> [WHAT YOU ARE ASKED TO DO]
Copy the data exactly from the line that contains "Chỉ số MSCI" through the line that contains "基本的原理就是这么多,看一下图中的例子就能明白了。比如现在要 dantezhao 用", keeping both end lines and leaving out everything else.

*** Opening DATA PROVIDED ***

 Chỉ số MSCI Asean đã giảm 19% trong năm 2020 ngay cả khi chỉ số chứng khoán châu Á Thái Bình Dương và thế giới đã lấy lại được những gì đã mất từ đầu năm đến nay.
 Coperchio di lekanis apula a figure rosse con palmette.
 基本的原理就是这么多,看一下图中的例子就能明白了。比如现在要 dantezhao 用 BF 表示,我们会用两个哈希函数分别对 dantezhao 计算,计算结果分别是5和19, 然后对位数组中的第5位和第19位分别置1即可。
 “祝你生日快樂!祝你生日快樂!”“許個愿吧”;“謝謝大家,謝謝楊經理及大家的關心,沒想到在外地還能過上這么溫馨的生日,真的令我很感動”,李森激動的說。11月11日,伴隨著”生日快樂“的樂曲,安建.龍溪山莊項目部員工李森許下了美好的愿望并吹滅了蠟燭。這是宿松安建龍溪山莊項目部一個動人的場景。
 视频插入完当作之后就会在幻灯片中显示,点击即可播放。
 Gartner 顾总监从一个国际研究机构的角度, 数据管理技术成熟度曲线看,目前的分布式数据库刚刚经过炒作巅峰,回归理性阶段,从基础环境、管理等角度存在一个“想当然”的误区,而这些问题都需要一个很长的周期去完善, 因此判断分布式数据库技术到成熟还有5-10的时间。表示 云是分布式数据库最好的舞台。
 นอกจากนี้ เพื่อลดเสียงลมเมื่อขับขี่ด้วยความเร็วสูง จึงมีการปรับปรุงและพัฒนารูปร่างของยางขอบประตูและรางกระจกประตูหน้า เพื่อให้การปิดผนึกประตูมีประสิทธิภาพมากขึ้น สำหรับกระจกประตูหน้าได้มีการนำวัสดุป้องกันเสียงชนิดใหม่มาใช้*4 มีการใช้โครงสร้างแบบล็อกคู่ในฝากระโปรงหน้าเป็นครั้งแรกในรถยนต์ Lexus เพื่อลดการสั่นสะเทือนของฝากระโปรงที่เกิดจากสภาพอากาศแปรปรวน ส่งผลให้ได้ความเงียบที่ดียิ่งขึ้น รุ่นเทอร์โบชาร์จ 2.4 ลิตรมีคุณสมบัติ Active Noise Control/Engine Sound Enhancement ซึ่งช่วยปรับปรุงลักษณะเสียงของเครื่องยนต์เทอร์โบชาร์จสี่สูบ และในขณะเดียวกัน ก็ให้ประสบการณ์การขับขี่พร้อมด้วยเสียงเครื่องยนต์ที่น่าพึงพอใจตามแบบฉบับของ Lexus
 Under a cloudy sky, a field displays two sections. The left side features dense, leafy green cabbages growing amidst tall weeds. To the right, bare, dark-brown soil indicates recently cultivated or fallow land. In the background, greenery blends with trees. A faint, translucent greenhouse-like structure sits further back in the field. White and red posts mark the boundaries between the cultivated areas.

*** Closing DATA PROVIDED ***
*** Opening DATA PROVIDED ***

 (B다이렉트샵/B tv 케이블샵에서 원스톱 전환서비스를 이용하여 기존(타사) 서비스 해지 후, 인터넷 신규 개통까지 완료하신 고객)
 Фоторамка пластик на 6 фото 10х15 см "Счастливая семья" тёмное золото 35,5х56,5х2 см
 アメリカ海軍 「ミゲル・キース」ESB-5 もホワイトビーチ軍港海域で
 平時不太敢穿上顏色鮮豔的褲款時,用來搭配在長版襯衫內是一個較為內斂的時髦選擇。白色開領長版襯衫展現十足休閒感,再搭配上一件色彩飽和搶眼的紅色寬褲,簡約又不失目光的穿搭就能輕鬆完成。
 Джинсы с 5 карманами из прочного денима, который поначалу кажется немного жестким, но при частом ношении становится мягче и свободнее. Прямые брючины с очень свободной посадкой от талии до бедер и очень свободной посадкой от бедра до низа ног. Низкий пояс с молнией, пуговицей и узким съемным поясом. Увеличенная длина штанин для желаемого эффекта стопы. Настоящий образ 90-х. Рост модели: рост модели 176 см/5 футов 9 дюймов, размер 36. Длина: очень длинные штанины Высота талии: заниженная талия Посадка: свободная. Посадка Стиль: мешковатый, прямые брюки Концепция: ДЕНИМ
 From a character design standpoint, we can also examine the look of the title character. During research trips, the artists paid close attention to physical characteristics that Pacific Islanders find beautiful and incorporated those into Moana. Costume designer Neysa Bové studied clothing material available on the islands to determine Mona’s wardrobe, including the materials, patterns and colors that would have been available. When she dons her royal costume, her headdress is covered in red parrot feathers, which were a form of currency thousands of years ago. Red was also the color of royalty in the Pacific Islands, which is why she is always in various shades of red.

*** Closing DATA PROVIDED ***
*** Opening DATA PROVIDED ***

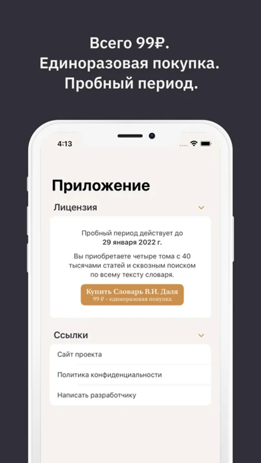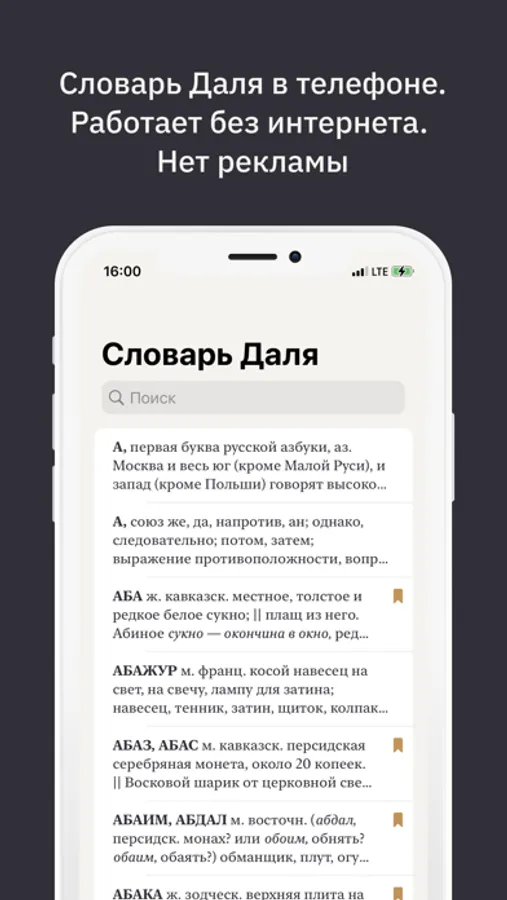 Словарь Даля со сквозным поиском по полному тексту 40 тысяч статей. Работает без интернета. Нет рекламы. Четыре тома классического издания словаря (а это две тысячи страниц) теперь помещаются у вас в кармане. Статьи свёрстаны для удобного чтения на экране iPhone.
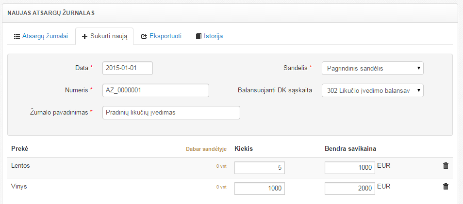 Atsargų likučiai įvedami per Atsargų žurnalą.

*** Closing DATA PROVIDED ***

> [EXERCISE SOLUTION]
 Chỉ số MSCI Asean đã giảm 19% trong năm 2020 ngay cả khi chỉ số chứng khoán châu Á Thái Bình Dương và thế giới đã lấy lại được những gì đã mất từ đầu năm đến nay.
 Coperchio di lekanis apula a figure rosse con palmette.
 基本的原理就是这么多,看一下图中的例子就能明白了。比如现在要 dantezhao 用 BF 表示,我们会用两个哈希函数分别对 dantezhao 计算,计算结果分别是5和19, 然后对位数组中的第5位和第19位分别置1即可。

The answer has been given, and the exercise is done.